Glad to see some more effort going into deployment tooling. I think the main goal of reinventing such tools in different languages is to get rid of the need of having dependencies outside of the current project's platform, which makes sense, for me at least.
Shameless plug: I'm the author of Flightplan[1], a library which provides a simple, yet powerful interface to execute sequences of shell commands on local and remote host(s).
I'm a huge fan of Flightplan. I used it extensively at a past job and added it into our default stack. Every site we worked with (60+ at the time I left) was using Flightplan for deployment.
For Less and Sass, it's not very annoying because you don't have to write a lot of ruby code. But writting a complete deployment script if you don't know ruby is very hard... I love to be able to use my favorite JS modules in my deploy script, that's why I wrote Shipit.
I am starting to see the light on all this tooling madness. It does not matter: languages and their ecosystems are powerful enough for any project to build their own tools. Projects are fond of their tools, so they give them fancy names and logos, and release them in hopes they are useful to somebody.
It leverages 'orchestrate' (which is what gulp uses) to do deploys across a variety of hosts, keeping the old versions around should you need to switch back easily.
You can do most of your Ansible work without needing to touch Python. I'm a Python programmer, and I've never needed to touch Python (other than running Ansible, which is a Python program) with respect to an Ansible setup.

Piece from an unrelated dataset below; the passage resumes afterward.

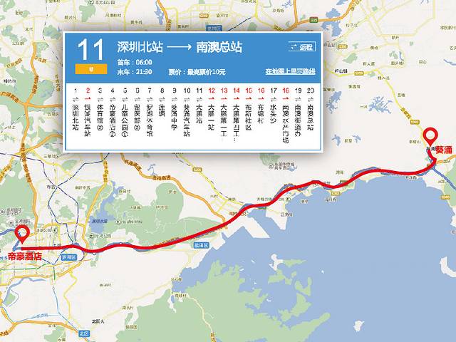 我去大鹏一般都是坐E11公交车,分段售票,全程10元,可以刷卡也可以现金。

Shipit can be an Ansible replacement, but there is no command abstraction to Shipit. Shipit is designed to quickly deploy a project on a set of servers not to configure an entire server.
Sorry, I meant Python. I am familar with Algol syntax based languages and prefer C/C++/ObjectC/C#/Java/PHP/JS/Go/Rust/Lua/Basic/Pascal/Ada/Smalltalk/Scheme over Python/Ruby/Haskel.

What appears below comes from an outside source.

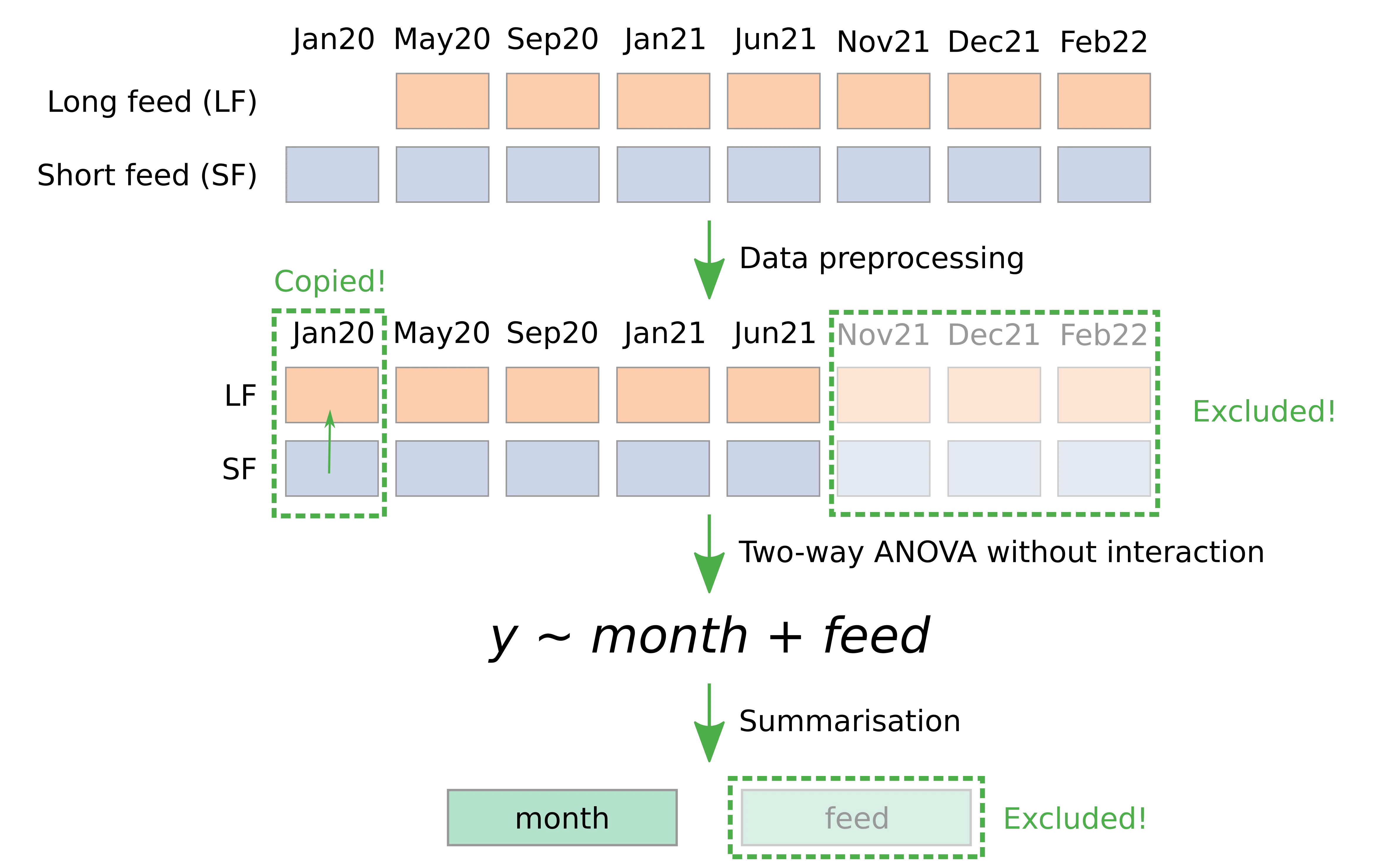 - Independent variables: month and feed.

What does Algol syntax have to do with that? Several of the first set of languages you list are not Algol-based, while two of the last three are Algol-syntax-based.
They used in to deploy projects internally, same for Le Monde. Shipit is not designed to Shipit projects over a lot of servers. It's designed to Shipit small projects or even to ship code on hardware (like raspberry).
Would be my guess too, but other than a single PR from one of the core devs I can't find any connection between the projects. Is there any source for this?
Shipit is an automation and deployment tool, git hook is just a hook on a git command. You can't run a command on 10 servers in parallel using git hook post-receive.
> Shipit was built to be a Capistrano alternative for people who don't know ruby, or who experienced some issues with it. If you want to write tasks in JavaScript and enjoy the node ecosystem, Shipit is also for you.
Shameless plug: I'm the author of Flightplan[1], a library which provides a simple, yet powerful interface to execute sequences of shell commands on local and remote host(s).